After a while. We get an update from a docker employee: “To give an update; I raised this issue internally, but the people needed to fix this are in the San Francisco timezone [8 hours difference with London], so they’re not present yet.”
I personally announce that internally to our developers. Today, there is no Docker CI and we can’t create new systems nor update existing systems which have a dependency on docker. All our hope lies on a dude in San Francisco, currently sleeping.
[pause waiting for the fix, that’s when free food and drinks come in handy]
An update is posted from a Docker guy in Florida at around 3pm (London Time). He’s awake, he’s found out the issue and he’s working on the fix.
Keys and packages are republished later.
We try and confirm the fix at around 5pm (London Time).
That was a 7 hours interplanetary outage because of Docker. All that’s left from the outage is a few messages on a GitHub issue. There was no postmortem. It had little (none?) tech news or press coverage, in spite of the catastrophic failure.
Docker Registry
The docker registry is storing and serving docker images.
Automatic CI build ===> (on success) push the image to ===> docker registry
Deploy command <=== pull the image from <=== docker registry
There is a public registry operated by docker.
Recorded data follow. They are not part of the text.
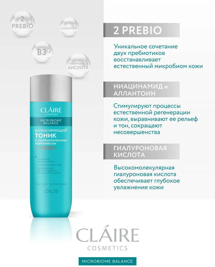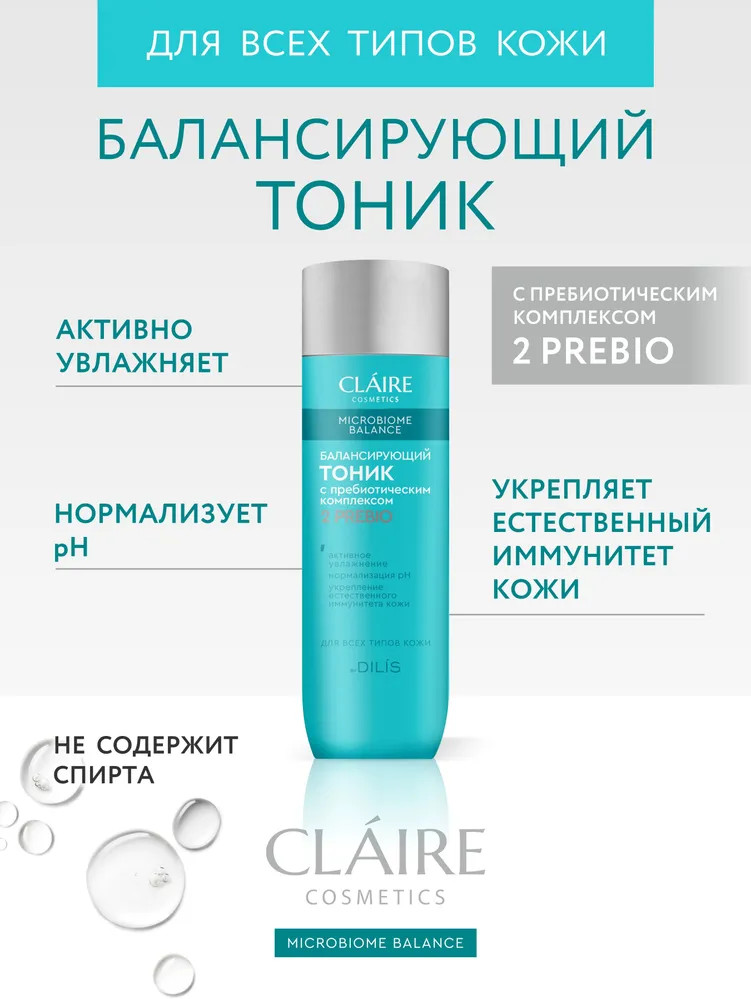 Claire Cosmetics Тоник для лица «Балансирующий»-20% +49 увлажнение кожи не сушит приятная отдушка состав уход
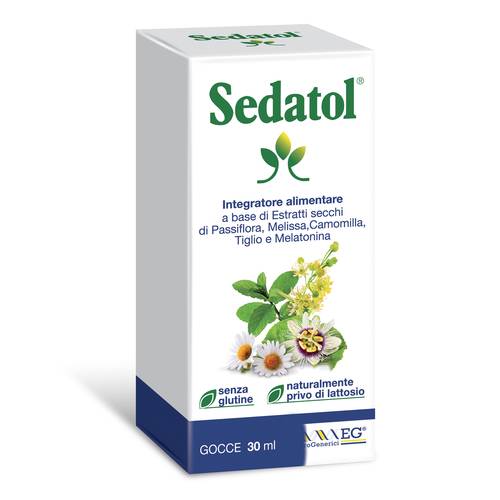 Sedatol gocceDescrizione Integratore alimentare a base di Melatonina ed estratti secchi di Passiflora, Melissa, Camomilla e Tiglio utile per favorire il rilassamento ed il sonno. Assunto poco prima di coricarsi, contribuisce a ridurre il tempo necessario per addormentarsi ed allevia gli effetti del jet lag. Ingredienti Acqua, glicerolo, fruttosio, melissa (Melissa officinalis L., foglie) estratto secco, camomilla (Matricaria chamomilla L., fiori) estratto secco, tiglio (Tilia cordata Mill. e Tilia platyphyllos Scop., fiori) estratto secco, passiflora (Passiflora incarnata L., erba con fiori) estratto secco, aromi, conservante: sorbato d...
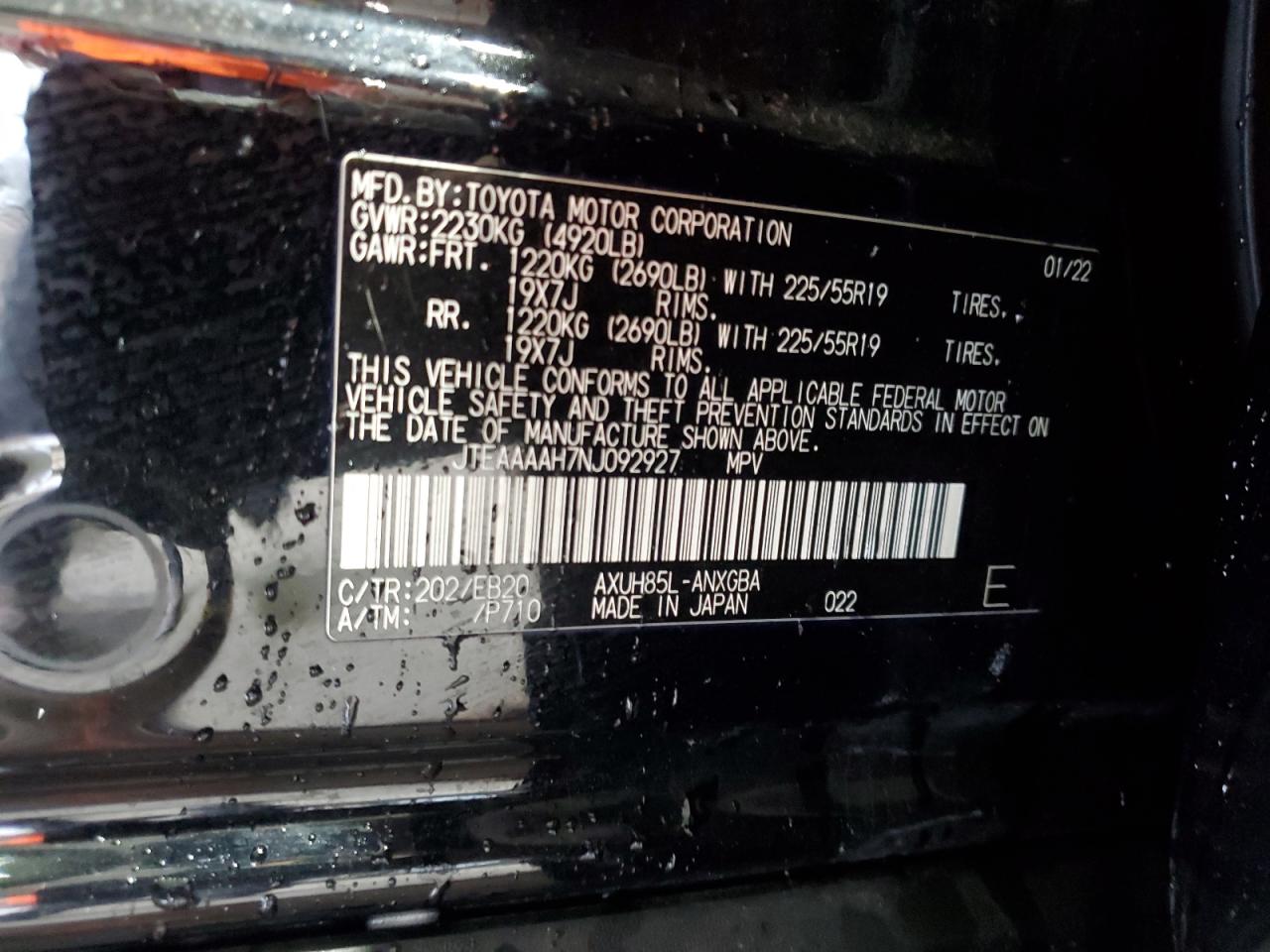 - ВИН: JTEAAAAH7NJ******
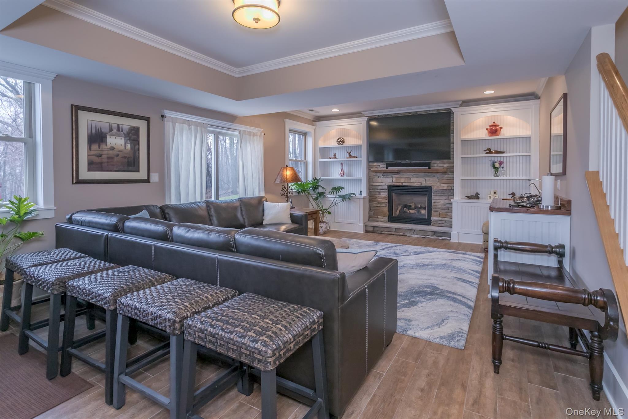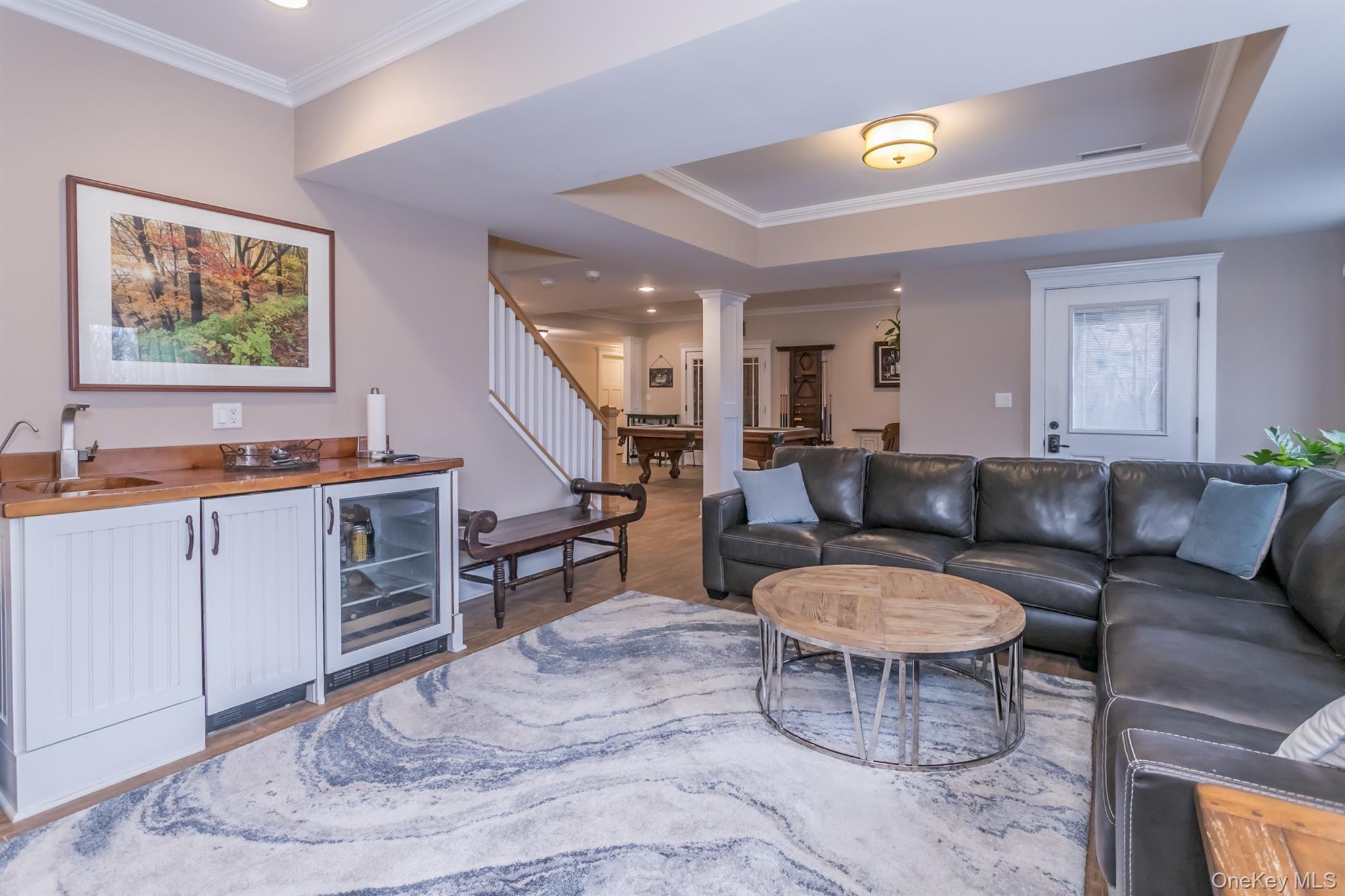 Updated elegance and modern technology merge in this one of a kind home that will fit any lifestyle you wish for. Wide open porch welcomes you into the formal entry with sitting room, open to family room warmed by a gas fireplace, each with custom walnut inlay floors and coffered 10' ceilings. The chef's kitchen is complete and then some with Dacor dual fuel 6 burner range, Viking microwave, stainless steel refrigerator, large island with wine refrigerator, and counter seating. Dining area with built in connects seamlessly to a large covered back deck, perfect for entertaining or enjoying a quiet cup of coffee looking over your property. First floor master suite continues the refined feel large bedroom connects to the spa-like en-suite with two separate vanities, soaking tub and walk in shower. A walk in closet and in-wall safe complete the sanctuary. Opposite wing of the first floor has a bedroom, bright office and full bath, making endless options for in-laws, nanny, or guest wing. On the second level, there is a loft and the third large L shaped bedroom with its own private en-suite. Down the custom hall, with more closets than you can imagine, is the fourth bedroom, flex space, and another full bathroom. The lower level is an entertainers dream. A gas fireplace, built ins, a wet bar and full sized windows fill the family room that has access to the outdoor living room and private oasis. Continue through the french doors to the warm wine cellar. A private large office with separate entrance gives many work from home possibilities. A fifth full bath and half bath finish out this well thought out lower living level. The attention to exquisite detail continues. Cozy up to the firepit, or relax in the freeform heated salt water pool. Thoughtfully placed lighting guides you through your oasis. The energy upgrades and technology additions are too many to list and will be in a separate document in the listing.
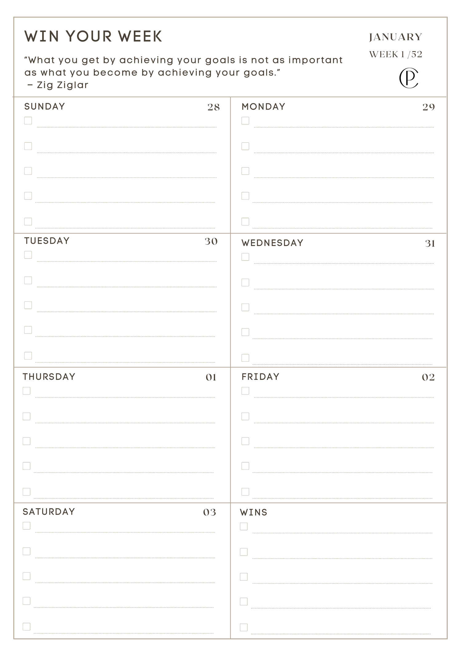 - Weekly To-Do List, Priorities Section & Dedicated section to recording your Wins!
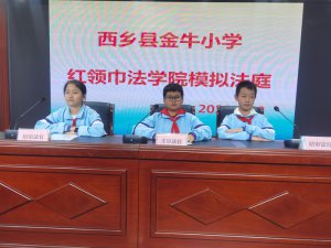 漢中市西鄉(xiāng)縣金牛小學(xué)“紅領(lǐng)巾法學(xué)院模擬法庭”“開庭”
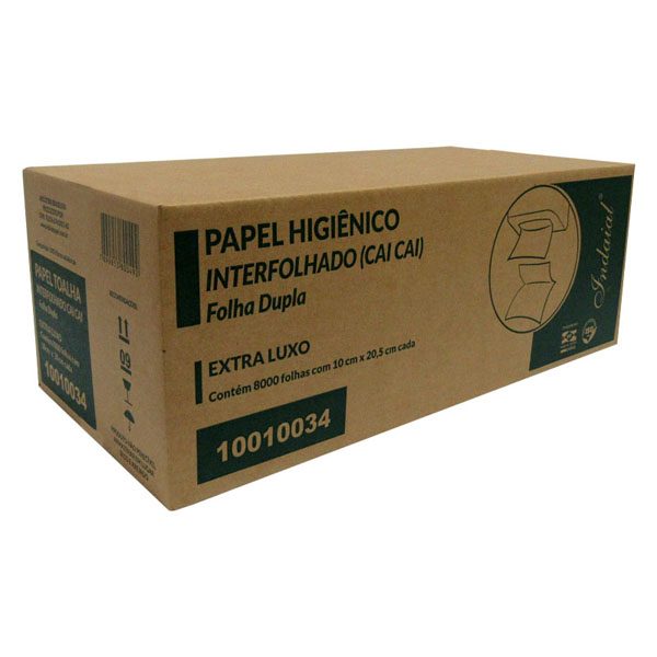 Características: Papel Higiênico Interfolhado, produzido com Fibras Celulósicas Virgem. Gramatura: 14-16g/m².

As an organization, we also run our own internal docker registry. It’s a docker image running inside docker on a docker host (that’s quite meta). The docker registry is the most used docker image.
There are 3 versions of the docker registry. The client can pull indifferently from any:
Docker Registry Issue: Abandon and Extinguish
The docker registry v2 is as a full rewrite. The registry v1 was retired soon after the v2 release.
We had to install a new thing (again!) just to keep docker working. They changed the configuration, the URLs, the paths, the endpoints.
The transition to the registry v2 was not seamless. We had to fix our setup, our builds and our deploy scripts.
Lesson learnt: Do not trust on any docker tool or API. They are constantly abandoned and extinguished.
One of the goal of the registry v2 is to bring a better API. It’s documented here, a documentation that we don’t remember existed 9 months ago.
Docker Registry Issue: Can’t clean images
It’s impossible to remove images from the docker registry. There is no garbage collection either, the doc mentions one but it’s not real. (The images do have compression and de-duplication but that’s a different matter).
The registry just grows forever. Our registry can grow by 50 GB per week.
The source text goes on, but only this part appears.